Obviously, the problem is not in openSUSE, but in grub2. On 16 August, there was an update to grub. Grub2, grub2-efi, grub2-x86_64.efi and so on were contained in the YOU update I did. I find it hard to believe though, that I’m the only one who had a problem. Although my system is operating now, I’m concerned that, in the future, something will require an update to something in grub that will break it again.

I’m hoping that if someone does have a problem, this message will help. But, I’m hoping even more that someone will say “Oh, you didn’t need to do all that, dummy, here’s how to fix it!”

Bart

Check you plugs. any time you open the box there is a chance of producing a lose connection if you bump the cables

There were several posts about boot problem recently. Unfortunately, each case appears to be different and nobody provided enough information to even try to guess what happened.
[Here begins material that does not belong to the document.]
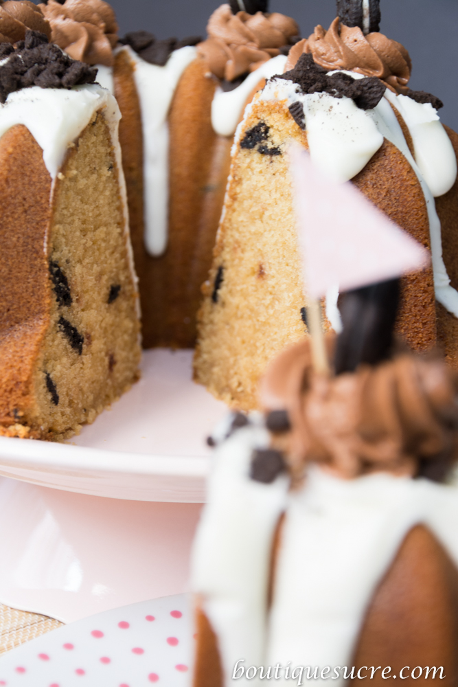 -Monta una manga pastelera de Buttercream con una boquilla 1M y realiza rosetones alrededor del Bundt. Coloca una galleta mini Oreo en cada rosetón de Buttercream y listo.

In your case it looks like known firmware bug but again - you do not tell what PC you are using, what manufacturer etc.

Please show output of “efibootmgr -v” to look at your firmware boot list.

On Wed 11 Sep 2013 03:16:02 AM CDT, arvidjaar wrote:

montana_suse_user;2583907 Wrote:
> I find it hard to believe though, that I’m the only one who had a
> problem.

There were several posts about boot problem recently. Unfortunately,
each case appears to be different and nobody provided enough information
to even try to guess what happened.

In your case it looks like known firmware bug but again - you do not
tell what PC you are using, what manufacturer etc.
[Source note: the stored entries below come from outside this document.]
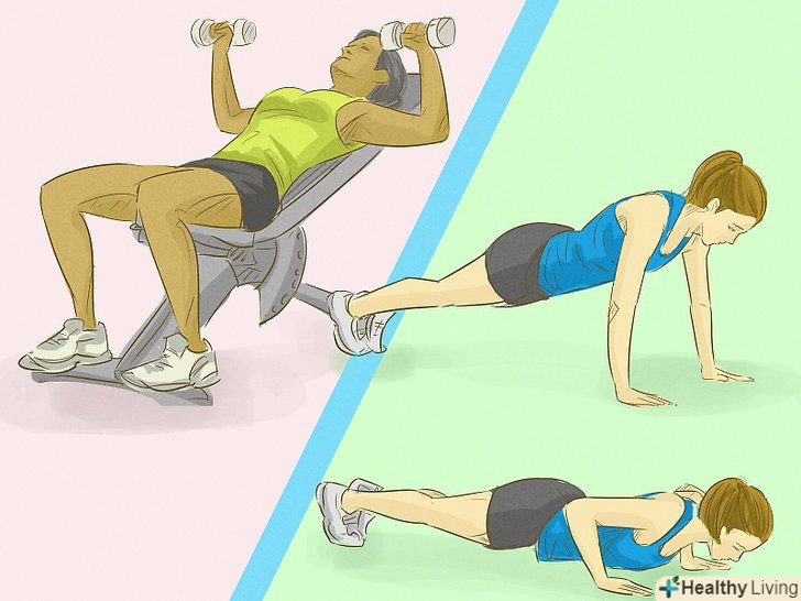 Зміцнюйте м'язи грудей. є кілька силових вправ, які допоможуть натренувати м'язи грудей. Вони можуть і не збільшити розмір грудей, але безумовно зроблять її більш підтягнутою і сексуальною. [14] отже, спробуйте виконати 4 підходи по 8 разів:- Віджимання
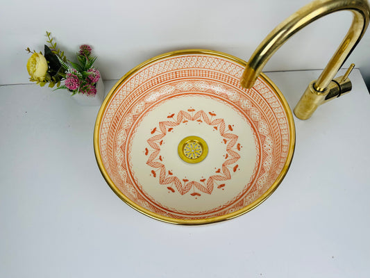 Timeless Elegance: Handcrafted Light Orange Ceramic Sink with Brass Accents
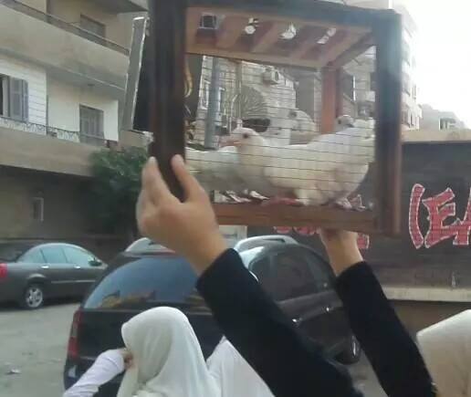 “الحمام” رمز للحرية في مسيرة بالمنصورة
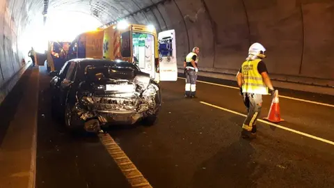 En el otro vehículo accidentado, se quedó dentro del túnel y su copiloto requirió de ayuda para salir. El conductor pudo salir por sus propios medios. En el lugar @guardiacivil y mantenimiento de carreteras.

Please show output of “efibootmgr -v” to look at your firmware boot
list.

Hi
I have that on my HP Probook 4430s, not finding an operating system
(I’m guessing it’s looking for the Windows Boot Manager entry) it’s just
a funky UEFI implementation and I also think some grub2-efi changes with
the efi variables.

I can overcome this by setting the nextboot option with efibootmgr (I
actually created a systemd service)

For example in my case;


efibootmgr

BootCurrent: 0000
Timeout: 0 seconds
BootOrder: 0000,0001
Boot0000* Notebook Upgrade Bay
Boot0001* Notebook Hard Drive
->> Boot0002* opensuse
Boot0003* Notebook Ethernet

efibootmgr -n 0002

BootNext: 0002
BootCurrent: 0000
Timeout: 0 seconds
BootOrder: 0000,0001
Boot0000* Notebook Upgrade Bay
Boot0001* Notebook Hard Drive
Boot0002* opensuse
Boot0003* Notebook Ethernet


Cheers Malcolm °¿° SUSE Knowledge Partner (Linux Counter #276890)
SLED 11 SP3 (x86_64) GNOME 2.28.0 Kernel 3.0.82-0.7-default
If you find this post helpful and are logged into the web interface,
please show your appreciation and click on the star below… Thanks!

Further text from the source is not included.